En las visiones que el hombre tiene hacia la naturaleza, antropocéntrica y policéntrica, está claro que incluso entre la mayoría de los hombres y mujeres que son más respetuosos con los animales y las plantas, no hay muchas personas que hagan preguntas del tipo : “Si esto me duele, ¿qué le hará?”. Muy a menudo, solo porque hemos tomado una decisión positiva sobre la vida futura del perro (o de un animal en general), como una adopción, obtenemos considerablemente menos en términos de cuidado o perspectivas. Nuestra decisión de cuidar a un animal, en cambio, debe ser una conciencia de que, en términos de responsabilidad, debe traducirse en un consorcio de intenciones y voluntades, aplicado a la máxima protección de la salud. No se dice que lo que nunca podría sucedernos no puede sucederle al animal. Para nosotros, si los adultos con un cierto umbral de conciencia del mundo que nos rodea, nunca pensamos en tragar las colillas de cigarrillos en la calle, o volver a encenderlas para fumarlas (como Charlie Chaplin hizo en Tiempos Modernos). Muy a menudo uno debe entender un concepto: cuando se adopta un animal, sea lo que sea, se producen dos eventos importantes, la domesticación y el entrenamiento. La adaptación a un entorno civilizado por parte del hombre de los objetos, usos y costumbres y, posteriormente, el reconocimiento de un docente son dos hechos fundamentales que actúan de forma potencial, positiva o negativa, sobre el comportamiento futuro del perro. Alguien más valiente diría sobre su educación.

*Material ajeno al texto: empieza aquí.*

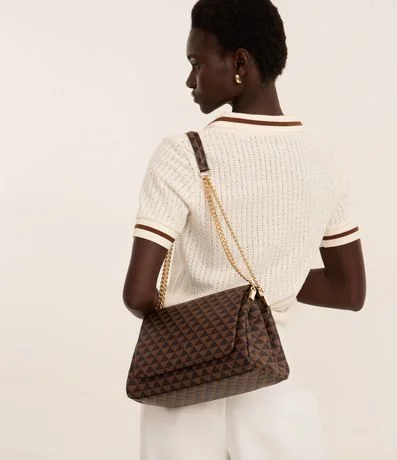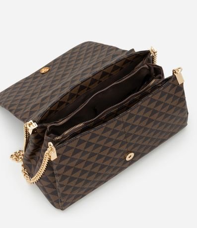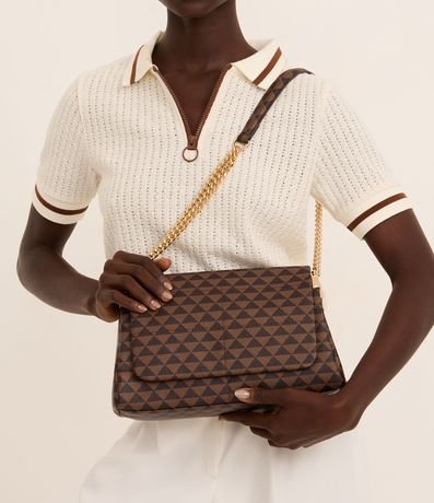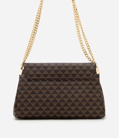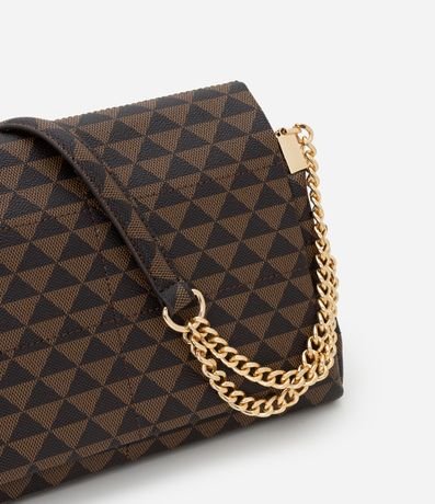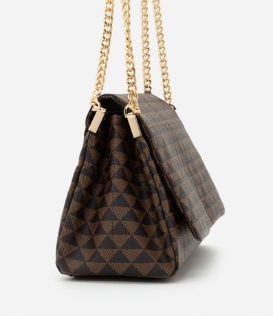 Bolsa Shoulder Média em PU Estampa Triângulos e Alça com Corrente

boxer-300x200Cuando los objetos se usan en el hogar, al perro le gustaría usarlos para ganar confianza, a su manera. Esto sucede incluso en un ambiente salvaje: si hacemos un picnic en un gran bosque poblado por animales como el tejón y de una manera muy cautelosa, tiraríamos los residuos con residuos de comida sabrosos, este animal devoraría todo con entusiasmo, intoxicándose con consecuencias, muy probablemente letal. Entonces, en casa o afuera, un animal podría ingerir una colilla de cigarrillo tirada en el suelo, porque está sucia con residuos de comida fragantes o deseables. También nos preguntamos si fumar pasivamente puede dañar a nuestro perro o mascota cuando lo inhala. Estas son preguntas muy especiales ya que los efectos del tabaquismo pasivo son similares tanto en el perro como en el hombre.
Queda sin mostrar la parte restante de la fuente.